The engine of a train has a mass of 5x10^4 kg. it can accelerate six railway cars having a total mass of 3x10^5 kg by 0.4 m/s^2 (the 6 railway cars have a combined mass of 3x10^5). what acceleration can the same engine using the same force give to four railway cars having a total mass of 2x10^5kg?

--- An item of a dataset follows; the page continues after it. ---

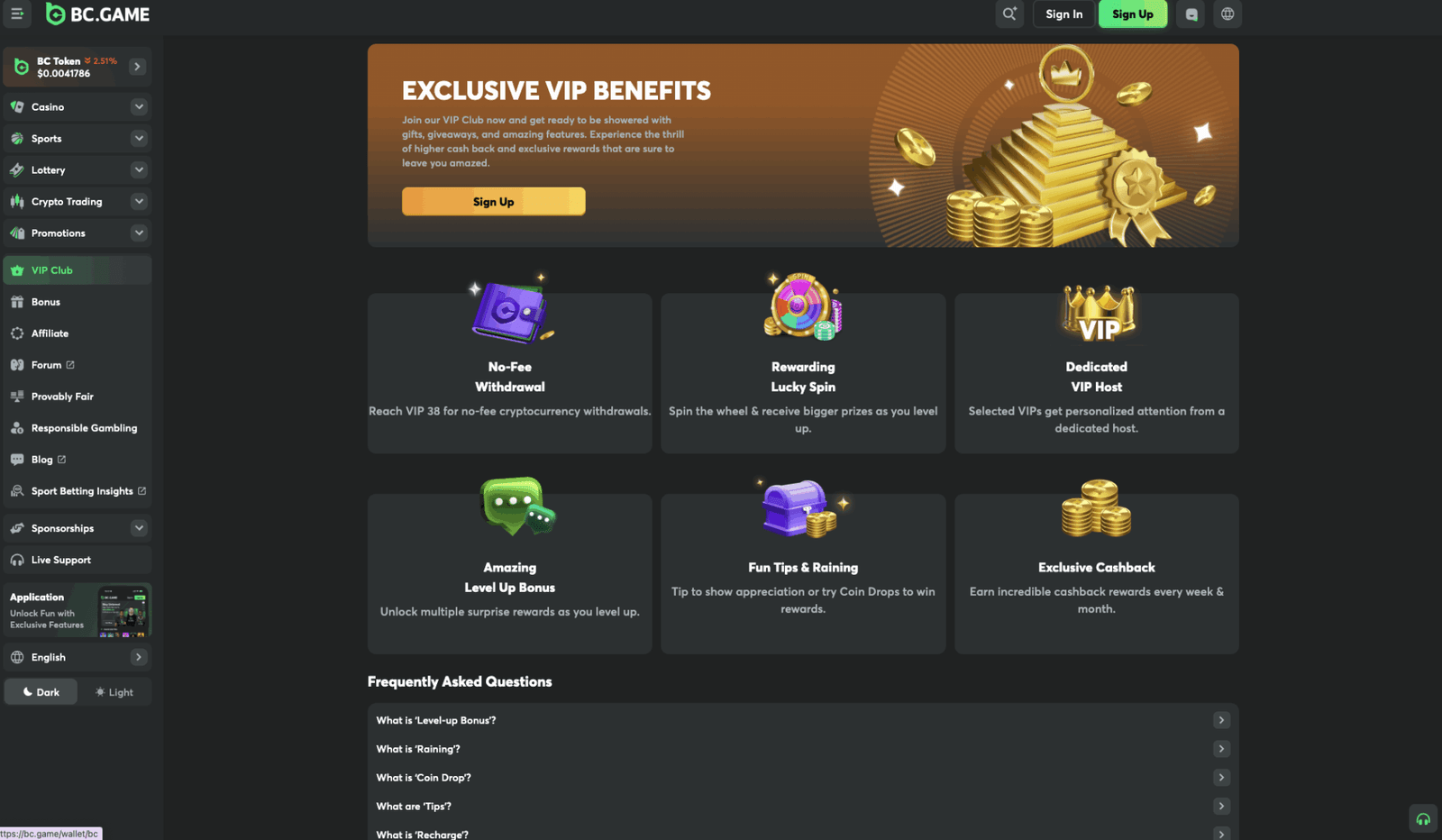 Whether you’re playing slots, tables, or sports, BC.Game Casino’s VIP Program ensures loyalty pays off with escalating benefits and a truly premium experience.

This question has been answered elsewhere by both BobPursley and myself
To solve this problem, we can use Newton's second law of motion, which states that force is equal to mass multiplied by acceleration (F = m * a).
Given information:
- Mass of the engine: 5x10^4 kg
- Mass of the six railway cars: 3x10^5 kg
- Acceleration of the six railway cars: 0.4 m/s^2
- Mass of the four railway cars: 2x10^5 kg
First, let's find the total mass of the train for the first scenario (with six railway cars):
Total mass = Mass of the engine + Mass of the railway cars
Total mass = 5x10^4 kg + 3x10^5 kg
Total mass = 3.5x10^5 kg
Next, let's find the force applied in the first scenario:
Force = Total mass * Acceleration
Force = 3.5x10^5 kg * 0.4 m/s^2
Force = 1.4x10^5 N
Now, we can determine the acceleration for the second scenario (with four railway cars) using the same force:
Force = Mass of the train * Acceleration
1.4x10^5 N = (Mass of the engine + Mass of the four railway cars) * Acceleration
Since we know the total mass of the train for the second scenario is the mass of the engine plus the mass of the four railway cars, we can substitute this into the equation:
1.4x10^5 N = (5x10^4 kg + 2x10^5 kg) * Acceleration
1.4x10^5 N = 2.5x10^5 kg * Acceleration
Now, let's solve for the acceleration:
Acceleration = 1.4x10^5 N / 2.5x10^5 kg
Acceleration = 0.56 m/s^2
Therefore, the same engine using the same force can give a acceleration of 0.56 m/s^2 to four railway cars having a total mass of 2x10^5 kg.